Records for the exercise -

====

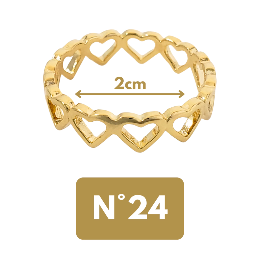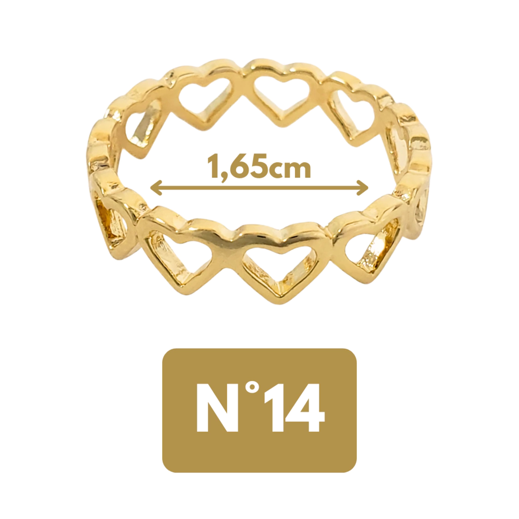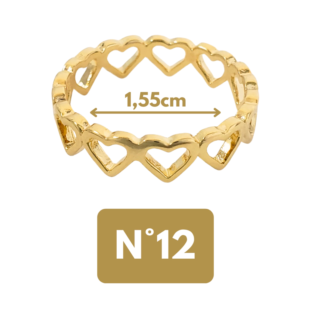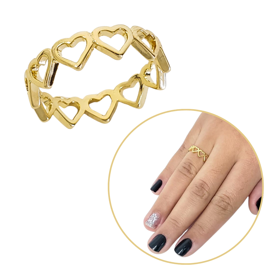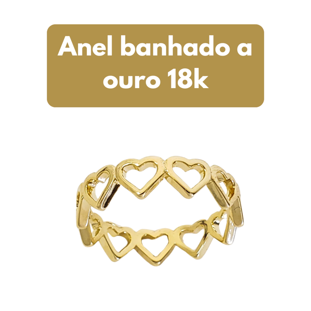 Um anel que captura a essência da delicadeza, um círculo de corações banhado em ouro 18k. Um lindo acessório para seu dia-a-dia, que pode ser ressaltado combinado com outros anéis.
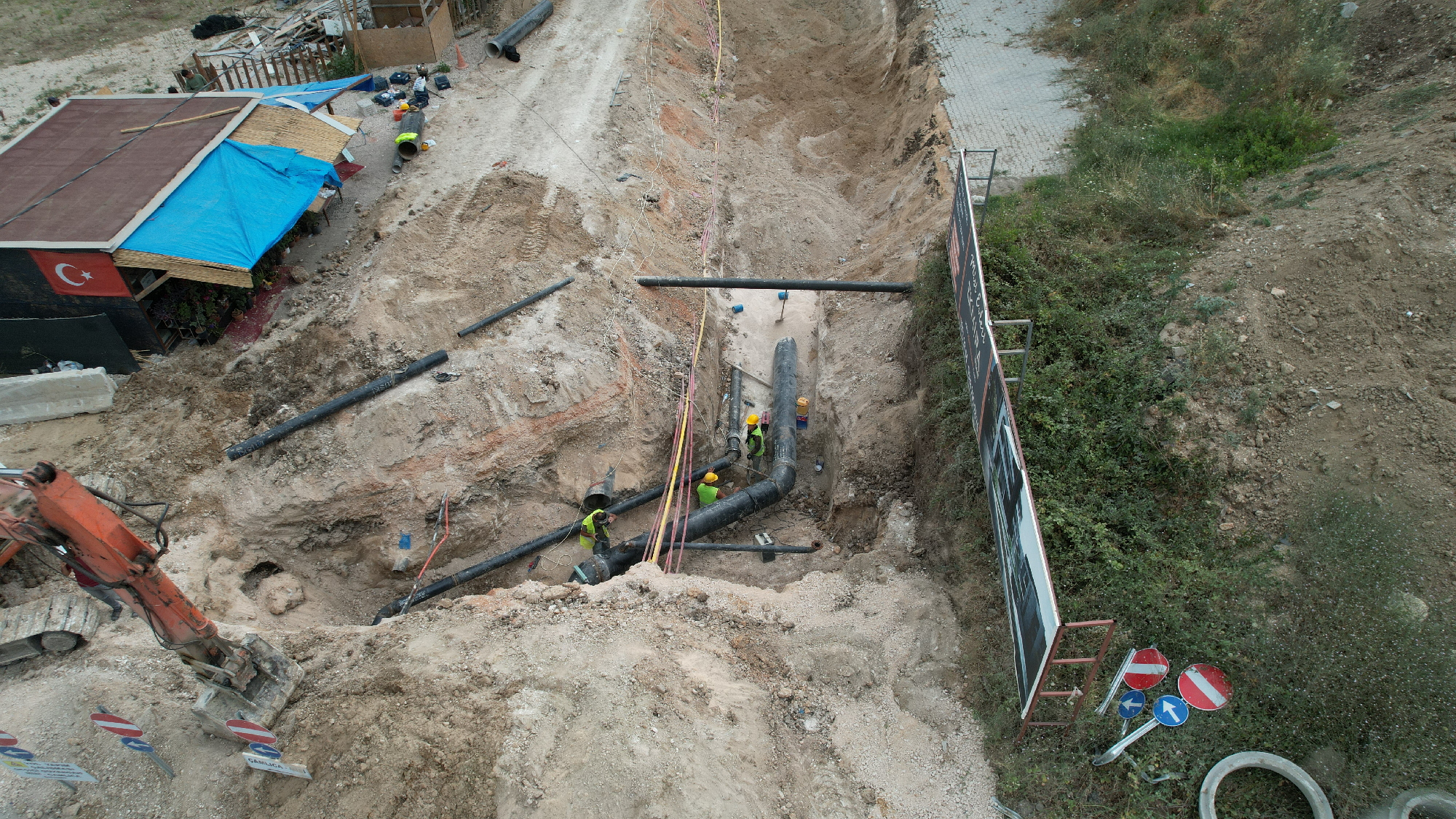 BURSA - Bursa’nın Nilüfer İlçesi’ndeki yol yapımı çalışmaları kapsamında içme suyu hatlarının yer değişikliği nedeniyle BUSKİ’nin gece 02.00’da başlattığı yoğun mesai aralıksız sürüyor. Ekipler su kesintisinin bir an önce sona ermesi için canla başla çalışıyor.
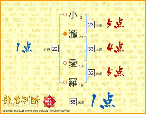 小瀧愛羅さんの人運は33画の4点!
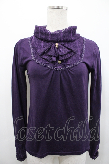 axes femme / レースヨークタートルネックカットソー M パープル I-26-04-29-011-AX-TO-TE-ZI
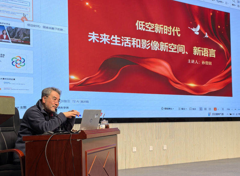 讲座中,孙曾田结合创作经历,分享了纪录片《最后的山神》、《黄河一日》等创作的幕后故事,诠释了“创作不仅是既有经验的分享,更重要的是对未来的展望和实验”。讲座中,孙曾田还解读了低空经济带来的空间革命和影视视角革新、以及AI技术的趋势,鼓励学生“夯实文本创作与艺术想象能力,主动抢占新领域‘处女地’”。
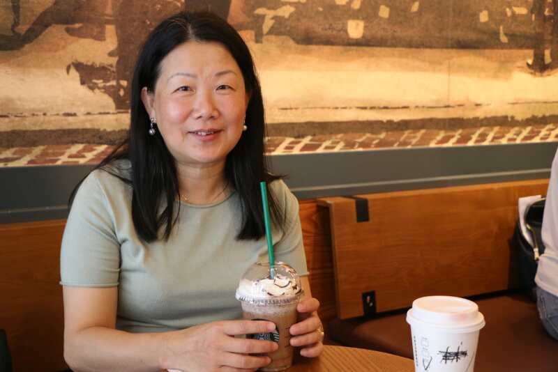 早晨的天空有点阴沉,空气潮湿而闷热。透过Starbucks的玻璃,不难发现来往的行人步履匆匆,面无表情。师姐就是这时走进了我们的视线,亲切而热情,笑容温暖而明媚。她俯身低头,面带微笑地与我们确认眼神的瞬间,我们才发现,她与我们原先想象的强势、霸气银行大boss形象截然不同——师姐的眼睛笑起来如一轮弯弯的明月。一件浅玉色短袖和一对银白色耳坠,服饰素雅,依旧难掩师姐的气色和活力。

====

Work order -
Without including any pictures, output all the entries above exactly.

Solution for this task -
 Um anel que captura a essência da delicadeza, um círculo de corações banhado em ouro 18k. Um lindo acessório para seu dia-a-dia, que pode ser ressaltado combinado com outros anéis.
 BURSA - Bursa’nın Nilüfer İlçesi’ndeki yol yapımı çalışmaları kapsamında içme suyu hatlarının yer değişikliği nedeniyle BUSKİ’nin gece 02.00’da başlattığı yoğun mesai aralıksız sürüyor. Ekipler su kesintisinin bir an önce sona ermesi için canla başla çalışıyor.
 小瀧愛羅さんの人運は33画の4点!
 axes femme / レースヨークタートルネックカットソー M パープル I-26-04-29-011-AX-TO-TE-ZI
 讲座中,孙曾田结合创作经历,分享了纪录片《最后的山神》、《黄河一日》等创作的幕后故事,诠释了“创作不仅是既有经验的分享,更重要的是对未来的展望和实验”。讲座中,孙曾田还解读了低空经济带来的空间革命和影视视角革新、以及AI技术的趋势,鼓励学生“夯实文本创作与艺术想象能力,主动抢占新领域‘处女地’”。
 早晨的天空有点阴沉,空气潮湿而闷热。透过Starbucks的玻璃,不难发现来往的行人步履匆匆,面无表情。师姐就是这时走进了我们的视线,亲切而热情,笑容温暖而明媚。她俯身低头,面带微笑地与我们确认眼神的瞬间,我们才发现,她与我们原先想象的强势、霸气银行大boss形象截然不同——师姐的眼睛笑起来如一轮弯弯的明月。一件浅玉色短袖和一对银白色耳坠,服饰素雅,依旧难掩师姐的气色和活力。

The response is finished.